**INSTRUCTIONS FOR THE TASK:**
From the records below, extract all the text exactly and leave the images behind.

START MATERIAL SUPPLIED

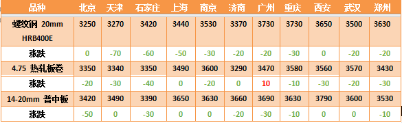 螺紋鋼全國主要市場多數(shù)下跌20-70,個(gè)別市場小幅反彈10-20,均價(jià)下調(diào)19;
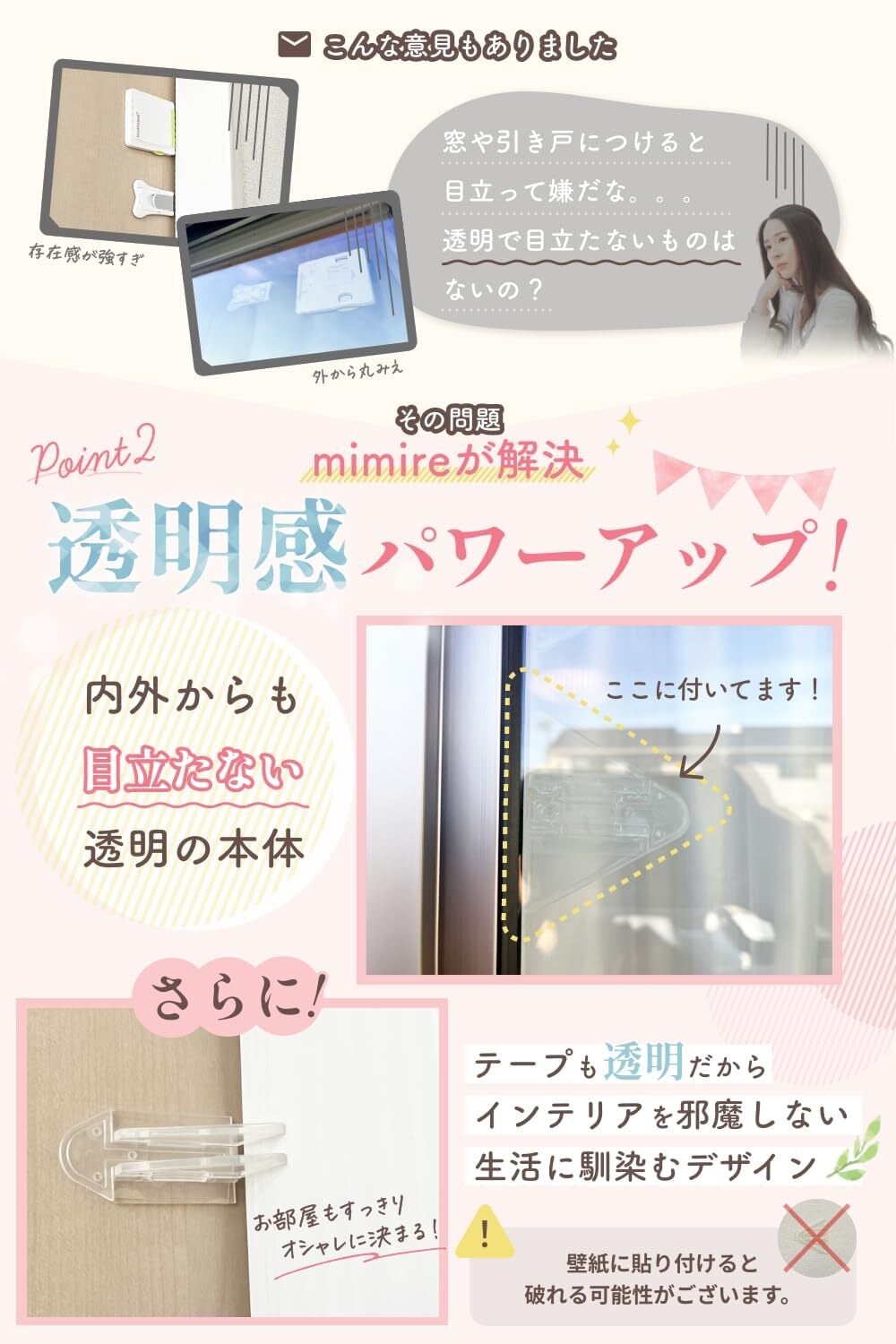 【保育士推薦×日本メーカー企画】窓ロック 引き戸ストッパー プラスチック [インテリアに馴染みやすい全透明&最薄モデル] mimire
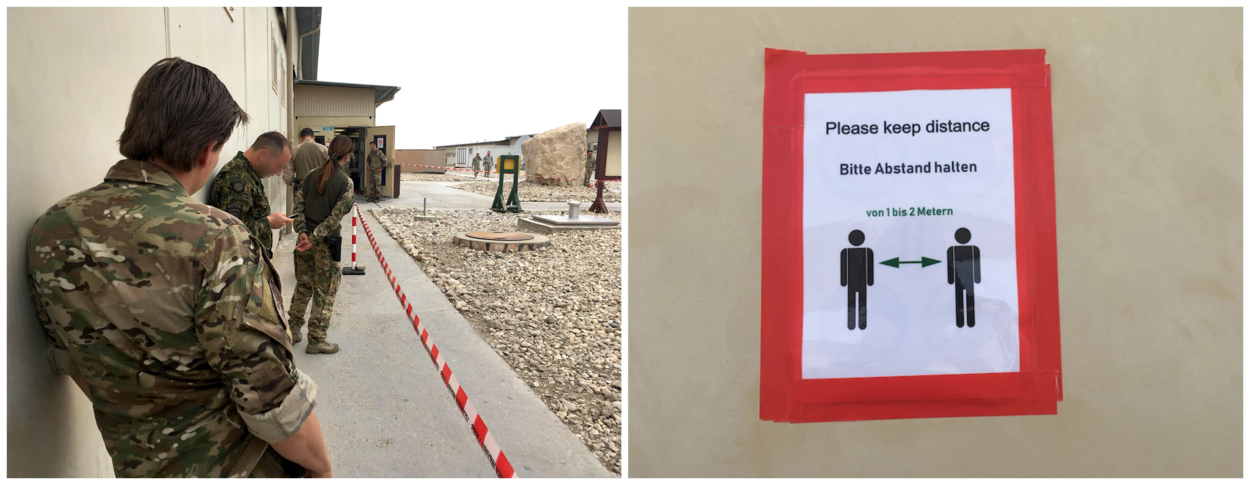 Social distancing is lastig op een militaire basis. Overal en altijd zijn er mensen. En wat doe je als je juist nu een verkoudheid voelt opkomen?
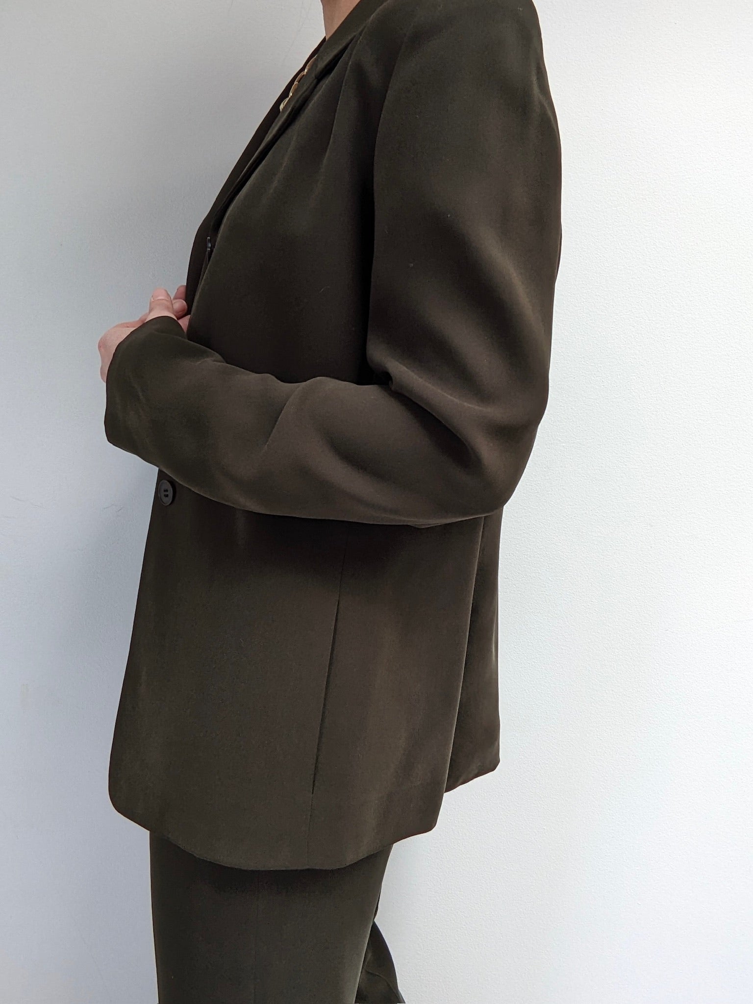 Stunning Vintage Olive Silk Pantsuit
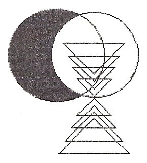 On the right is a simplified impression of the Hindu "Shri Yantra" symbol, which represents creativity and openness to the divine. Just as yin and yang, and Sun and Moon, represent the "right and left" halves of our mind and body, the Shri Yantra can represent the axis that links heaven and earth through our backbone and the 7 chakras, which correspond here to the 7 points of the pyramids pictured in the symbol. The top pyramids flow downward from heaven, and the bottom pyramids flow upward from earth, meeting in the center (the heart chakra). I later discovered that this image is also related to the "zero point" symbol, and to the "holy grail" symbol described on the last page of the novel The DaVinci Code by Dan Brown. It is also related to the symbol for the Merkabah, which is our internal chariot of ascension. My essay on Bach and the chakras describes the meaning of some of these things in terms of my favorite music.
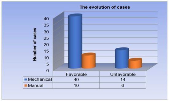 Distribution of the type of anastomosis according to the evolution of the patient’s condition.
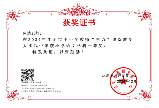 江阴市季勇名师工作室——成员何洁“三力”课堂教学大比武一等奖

END MATERIAL SUPPLIED

**ANSWER SECTION:**
 螺紋鋼全國主要市場多數(shù)下跌20-70,個(gè)別市場小幅反彈10-20,均價(jià)下調(diào)19;
 【保育士推薦×日本メーカー企画】窓ロック 引き戸ストッパー プラスチック [インテリアに馴染みやすい全透明&最薄モデル] mimire
 Social distancing is lastig op een militaire basis. Overal en altijd zijn er mensen. En wat doe je als je juist nu een verkoudheid voelt opkomen?
 Stunning Vintage Olive Silk Pantsuit
 On the right is a simplified impression of the Hindu "Shri Yantra" symbol, which represents creativity and openness to the divine. Just as yin and yang, and Sun and Moon, represent the "right and left" halves of our mind and body, the Shri Yantra can represent the axis that links heaven and earth through our backbone and the 7 chakras, which correspond here to the 7 points of the pyramids pictured in the symbol. The top pyramids flow downward from heaven, and the bottom pyramids flow upward from earth, meeting in the center (the heart chakra). I later discovered that this image is also related to the "zero point" symbol, and to the "holy grail" symbol described on the last page of the novel The DaVinci Code by Dan Brown. It is also related to the symbol for the Merkabah, which is our internal chariot of ascension. My essay on Bach and the chakras describes the meaning of some of these things in terms of my favorite music.
 Distribution of the type of anastomosis according to the evolution of the patient’s condition.
 江阴市季勇名师工作室——成员何洁“三力”课堂教学大比武一等奖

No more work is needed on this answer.